#### Exercise
Search the records for the line with "3.) Roundheaded bushclover". Output that line and each line after it, exactly, and stop at the end; omit pictures.
== == ==
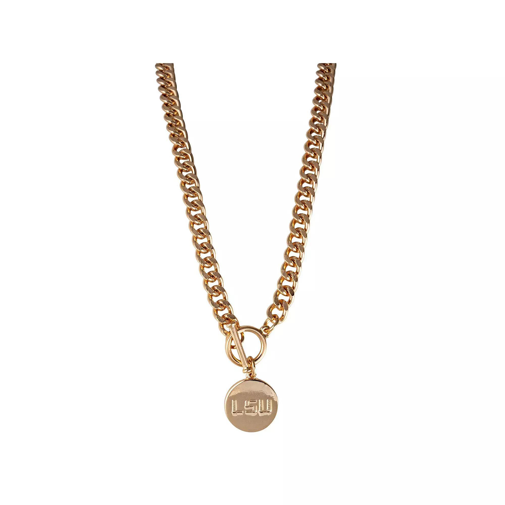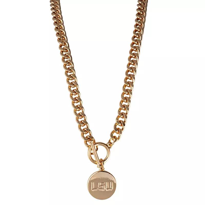 Give your LSU Tigers accessories a boost with this Ramsey necklace. With its crisp team graphics and dazzling gold material, this elegant necklace can be worn with any game day outfit to accentuate your LSU Tigers fandom even further, or whenever you need an extra dose of fan pride.Give your LSU Tigers accessories a boost with this Ramsey necklace. With its crisp team graphics and dazzling gold material, this elegant necklace can be worn with any game day outfit to accentuate your LSU Tigers fandom even further, or whenever you need an extra dose of fan pride.PRODUCT FEATURESMaterial: 100% Stainless SteelEngraved graphicsOfficially licensedWipe clean with a damp clothNecklace drop length measures approx. 9Toggle clasp T-Bar closureBrand: Emerson StreetImportedCharm measures approx. .50 in diameter Size: One Size. Gender: female. Age Group: adult.
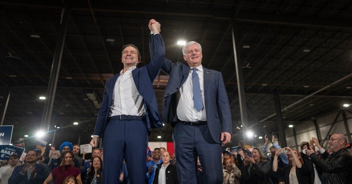 Harper backs Poilievre in official endorsement at Edmonton rally
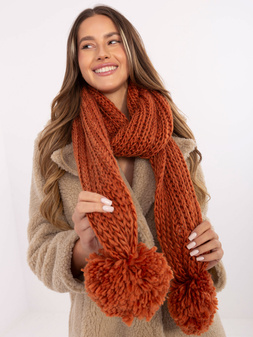 Ciemnopomarańczowy ciepły szal z pomponami
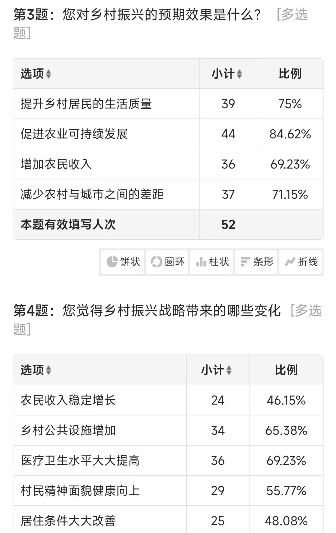 本次调研活动共收集到50余份有效问卷,调查问卷结果显示参与调研的群众均认为乡村振兴非常重要,并对开展乡村振兴战略以来所产生的变化有一定的了解,主要包括乡村公共设施增加、居住条件大大改善以及医疗卫生水平提高等,但有54%的答题者表示畜禽养殖产业助力当地农村发展的效果一般。针对这一现象,团队继续深入调研,结果显示有73%的答题者认为当地畜禽养殖受限的主要因素是基础设施落后,也有52%的答题者认为主要原因是缺乏技术人员。由此可见,在本次调研的地区中,畜禽养殖产业助力乡村振兴的效果有待提升,相关技术人员的需求度也较大。
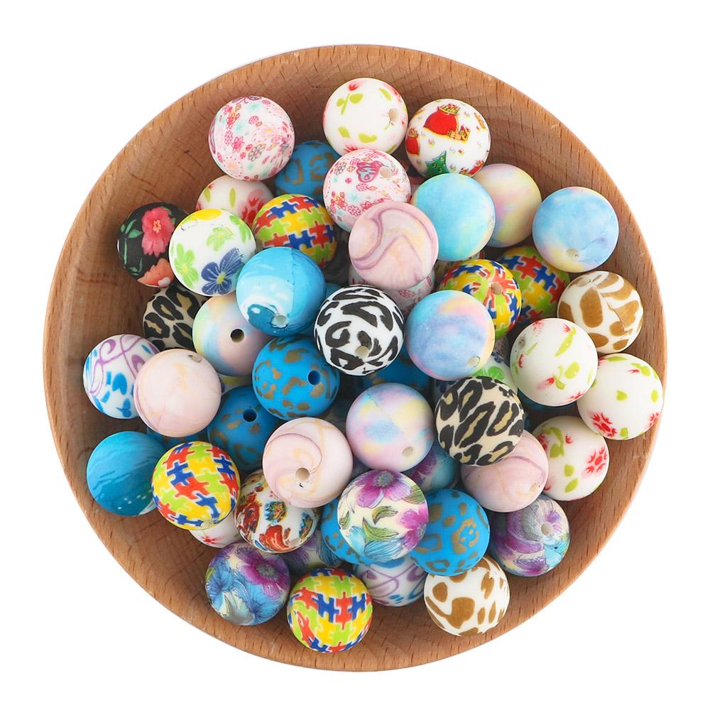 5Pcs 15mm Round Leopard Silicone Printed Beads For Jewelry Making DIY Keychain Necklace Bracelet Jewelry Accessories
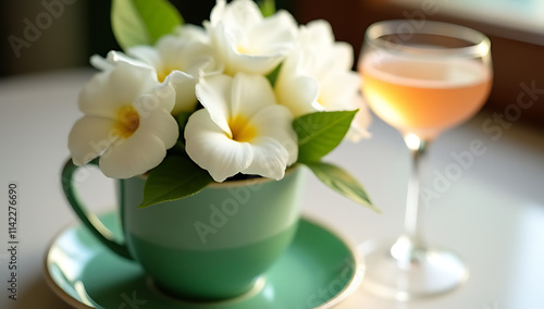 White petal flowers sit in a green cup with a green leaf on a flat surface with a romantic drink nearby._00002_
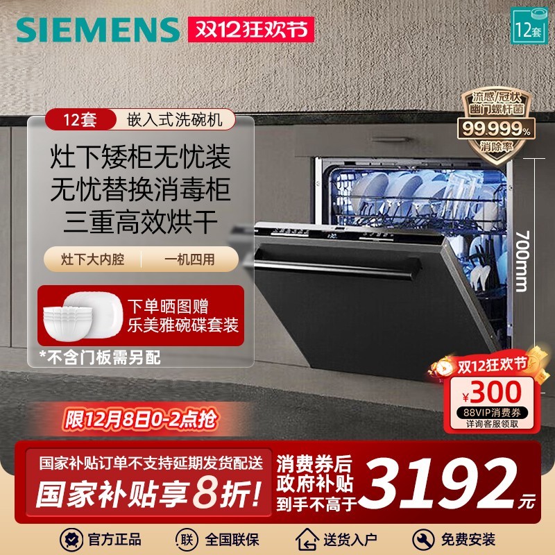 西门子灶下嵌入式洗碗机SE63HB66KC大容量12套家用设计,完美融入厨房橱柜,节省空间更显整洁美观,支持自定义门板搭配,轻松匹配各种装修风格。采用高效清洁系统,强力去除油污,高温除菌更安心,三层过滤系统确保餐具洁净无残留。智能感应技术自动识别脏污程度,精准调节水温和洗涤时长,节能又高效。
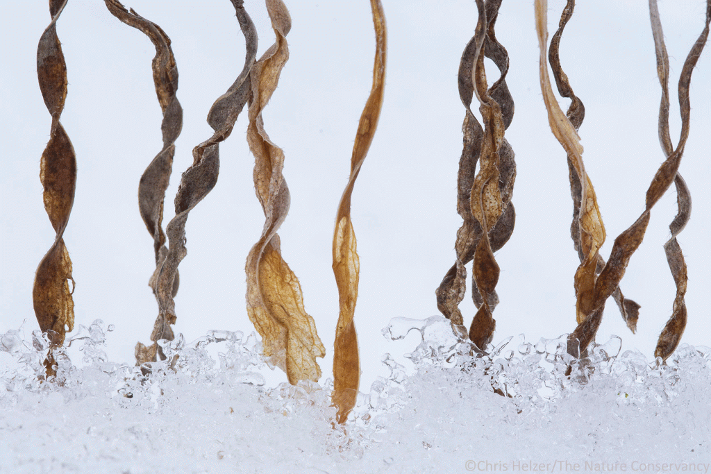 3.) Roundheaded bushclover and melting snow, Lincoln Creek Prairie in Aurora, Nebraska. March 15, 2020. Nikon D7200 with Nikon 105mm macro lens, ISO 400, f/29, 1/80 sec.
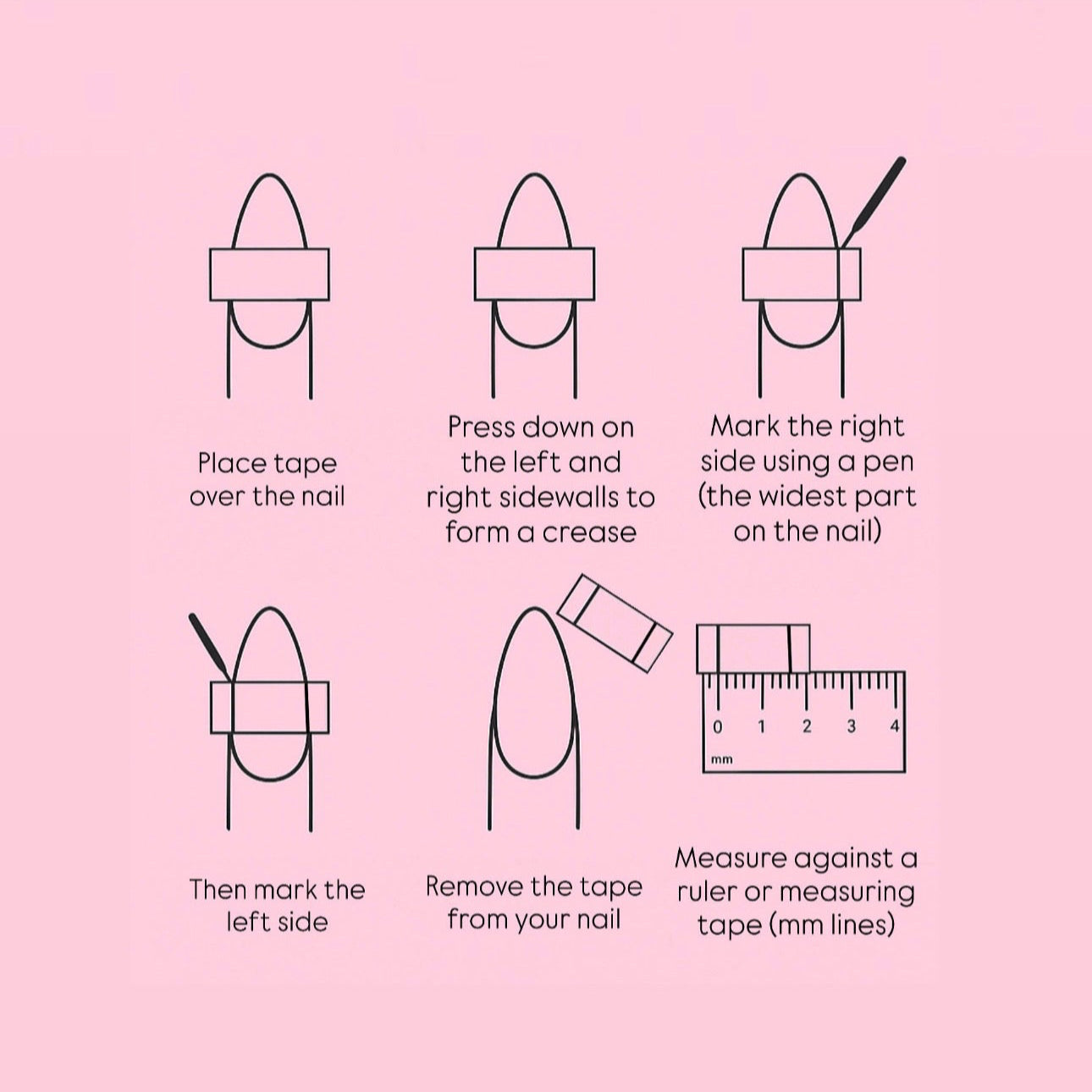 Measure each nail in millimeters and refer to our sizing chart to find your closest match. This ensures your press-ons fit comfortably and look seamless
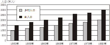 2.城市化的主要标志是城市人口占总人口的比重。通过图中数据可计算出该地区1950年和1980年城市化水平均为33.3%,没有发生变化。
== == ==
#### Answer to the problem
 3.) Roundheaded bushclover and melting snow, Lincoln Creek Prairie in Aurora, Nebraska. March 15, 2020. Nikon D7200 with Nikon 105mm macro lens, ISO 400, f/29, 1/80 sec.
 Measure each nail in millimeters and refer to our sizing chart to find your closest match. This ensures your press-ons fit comfortably and look seamless
 2.城市化的主要标志是城市人口占总人口的比重。通过图中数据可计算出该地区1950年和1980年城市化水平均为33.3%,没有发生变化。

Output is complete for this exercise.